◆ **Work required**: Any image found in the entries is to be skipped; the rest is returned word for word.

== Segment start ==

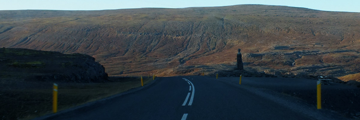 clearly. Just before the descent to the fjord, there is a peculiar monument at the
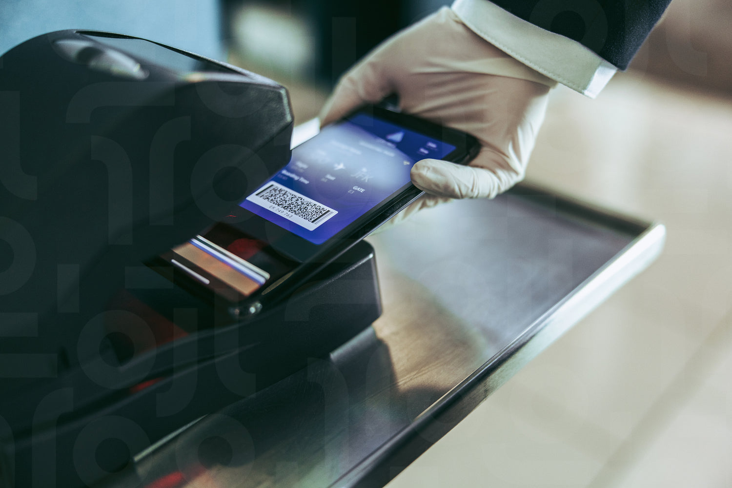 Scanning of boarding pass on mobile phone at airport counter. Cropped shot of airport staff hand scanning boarding pass on machine.
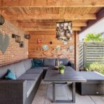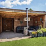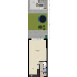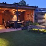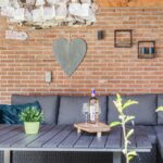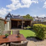 • Diepe tuin met terrasoverkapping, stenen berging en achterom
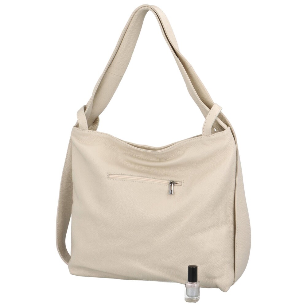 Už poznáte kožené produkty značky ItalY ? Skvelý kvalitný tovar, ktorý máte teraz na dosah ruky. Objednajte ešte dnes a vyskúšajte, vrátiť ju môžete až za 30 dní! Stredne veľká elegantná kabelka cez rameno je jednou z módnych krások, ktoré Vám môžeme ponúknuť. Má svetlo béžovú farbu, je mäkká a jej vzor je vráskavý. Uši kabelky sú spojené s kabelkou, akoby do popruhov, nosiť ju môžete aj ako batoh. Hlavný priestor kabelky sa otvára zipsom. Telefón a drobnosti si uložíte do dvoch voľných vrecúšok alebo vrecúška so zipsom. Aj na zadnej strane kabelky je vrecko so zipsom.
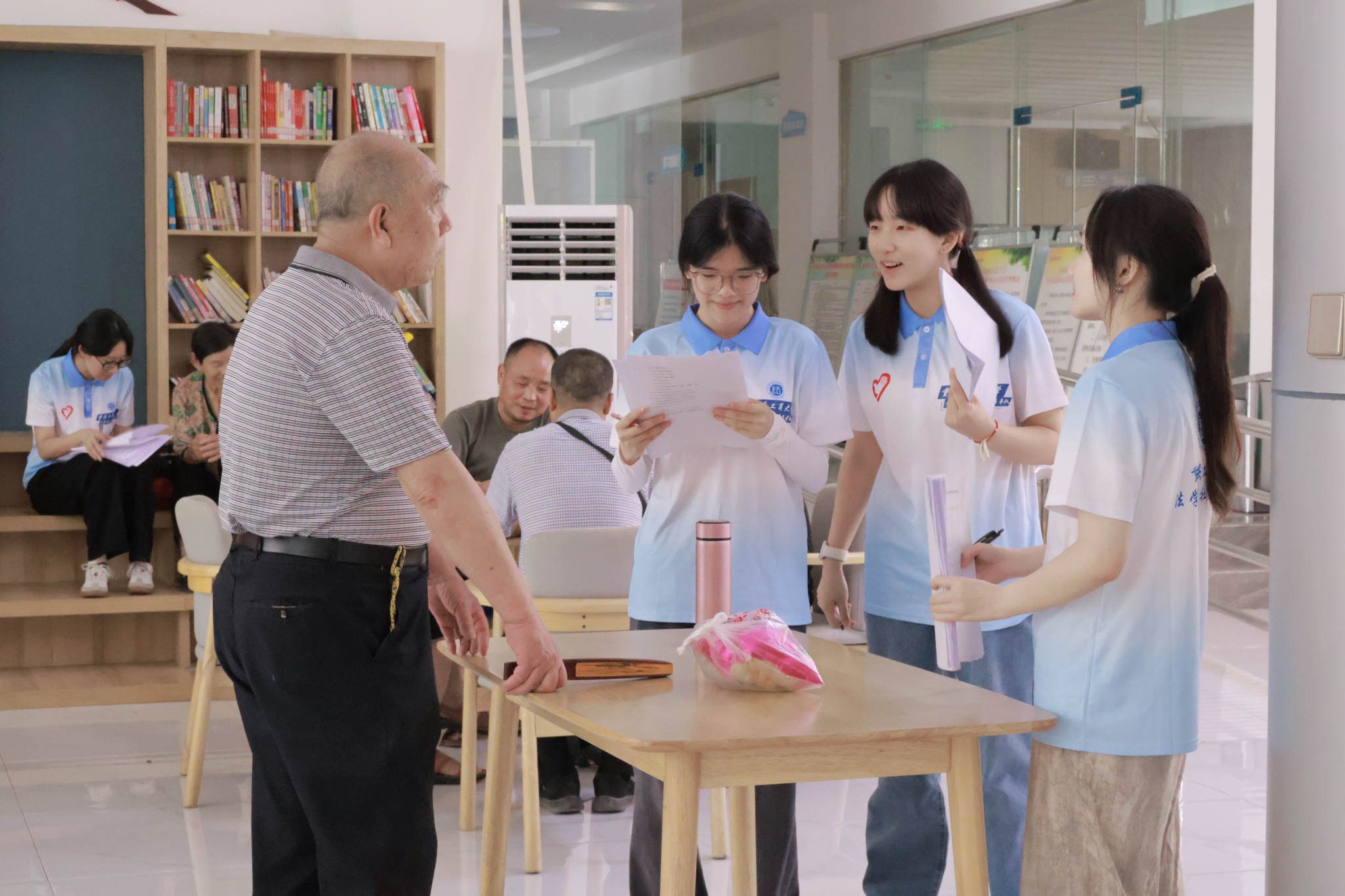 调研团队来到大桥社区党群服务中心,以正在参与社区活动的老年人为主要对象展开调查。“爷爷,您觉得大桥佳城天下社区党群服务中心的活动丰富吗?”“奶奶,平时遇到邻里纠纷会找社区调解吗?” 同学们手持问卷,用通俗易懂的语言向老年人询问社区服务体验、生活需求及治理建议。针对部分视力不佳的老人,团队成员逐字逐句解读问题,协助填写问卷,现场氛围亲切热烈。据统计,上午累计完成近 50 份问卷,内容涵盖养老服务、矛盾调解、公共设施等老年群体关注的热点问题。
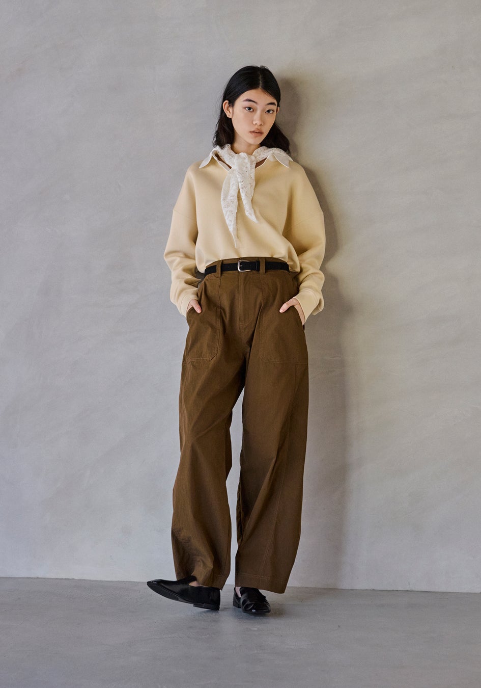 ほどよいゆとりのあるシルエットが身体を包み込み、カジュアルさの中に上品なムードを宿します。一枚で佇まいが整うバランスの良さが魅力で、日常のスタイルを品よく更新してくれるトップスです。

== Segment end ==

◆ **Response to the task**:
 clearly. Just before the descent to the fjord, there is a peculiar monument at the
 Scanning of boarding pass on mobile phone at airport counter. Cropped shot of airport staff hand scanning boarding pass on machine.
 • Diepe tuin met terrasoverkapping, stenen berging en achterom
 Už poznáte kožené produkty značky ItalY ? Skvelý kvalitný tovar, ktorý máte teraz na dosah ruky. Objednajte ešte dnes a vyskúšajte, vrátiť ju môžete až za 30 dní! Stredne veľká elegantná kabelka cez rameno je jednou z módnych krások, ktoré Vám môžeme ponúknuť. Má svetlo béžovú farbu, je mäkká a jej vzor je vráskavý. Uši kabelky sú spojené s kabelkou, akoby do popruhov, nosiť ju môžete aj ako batoh. Hlavný priestor kabelky sa otvára zipsom. Telefón a drobnosti si uložíte do dvoch voľných vrecúšok alebo vrecúška so zipsom. Aj na zadnej strane kabelky je vrecko so zipsom.
 调研团队来到大桥社区党群服务中心,以正在参与社区活动的老年人为主要对象展开调查。“爷爷,您觉得大桥佳城天下社区党群服务中心的活动丰富吗?”“奶奶,平时遇到邻里纠纷会找社区调解吗?” 同学们手持问卷,用通俗易懂的语言向老年人询问社区服务体验、生活需求及治理建议。针对部分视力不佳的老人,团队成员逐字逐句解读问题,协助填写问卷,现场氛围亲切热烈。据统计,上午累计完成近 50 份问卷,内容涵盖养老服务、矛盾调解、公共设施等老年群体关注的热点问题。
 ほどよいゆとりのあるシルエットが身体を包み込み、カジュアルさの中に上品なムードを宿します。一枚で佇まいが整うバランスの良さが魅力で、日常のスタイルを品よく更新してくれるトップスです。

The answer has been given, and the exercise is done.